Abstract

Genetic predisposition for meaningful health-domains of daily life such as peripheral muscle weakness and reduced functional capacity in patients with COPD is yet unknown. We aimed to find genetic variants associated with reduced functional status.

A cross-sectional study was conducted. Peripheral muscle strength was assessed with quadriceps maximum voluntary contraction and handgrip muscle strength. Functional capacity was determined using the six-minute walk test and the 1-minute sit-to-stand test. Hierarchical cluster analysis based on principal component analysis-transformed data of the 4 variables was conducted. A GWAS based on a logistic regression was performed, adjusted for age, sex, BMI, smoking status and FEV1pp.

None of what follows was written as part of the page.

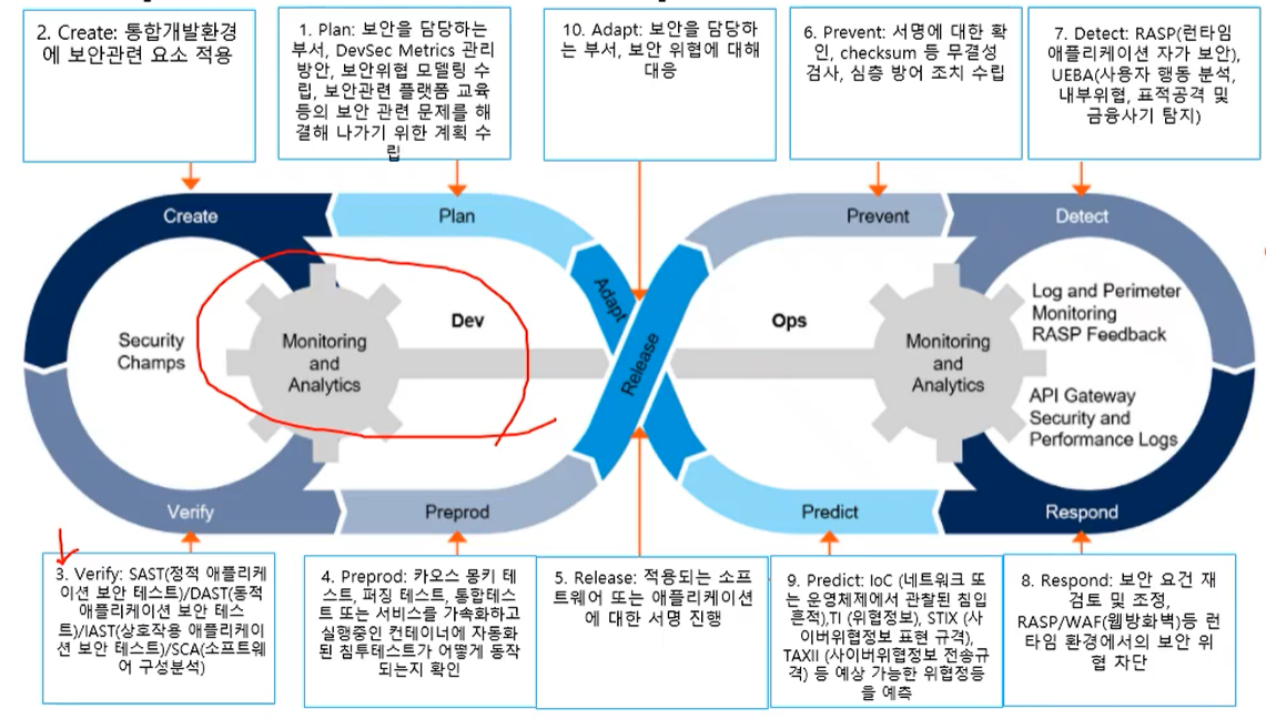 📚DevSecOps(Development + Security + Operations): DevOps에 보안(Security)을 통합한 개념, SW개발보안 프로세스와 유사한 보안활동을 수행 개발 단계(Dev) 운영 단게(Ops)로 나뉨

209 people with COPD (67.9 ±7.9 years old; 21.2% female; FEV1pp 54.6 ±19.4) were included, of which 170 had genotyping data available. Three clusters have been found. Cluster 1 was characterized by patients of younger age, mostly male, less symptomatic, preserved muscle strength and functional capacity. Cluster 2 was characterised by a mild-to-moderate symptom burden, reduced muscle strength but preserved functional capacity. Cluster 3 was characterized by older patients, highly symptomatic, with a higher prevalence of women, peripheral muscle weakness and impaired functional capacity. We found 6 suggestive loci associated with cluster 3, that mapped to the genes GPC1, IQSEC1, PHACTR2, FAM177A1 and ANKRD11. FAM177A1 has been linked to myasthenic syndrome and hypotonia-cystinuria, conditions associated with muscle weakness and fatigability.

This study may help decoding the genetic architecture behind disease heterogeneity, creating avenues for personalised therapeutic approaches based on genetic background.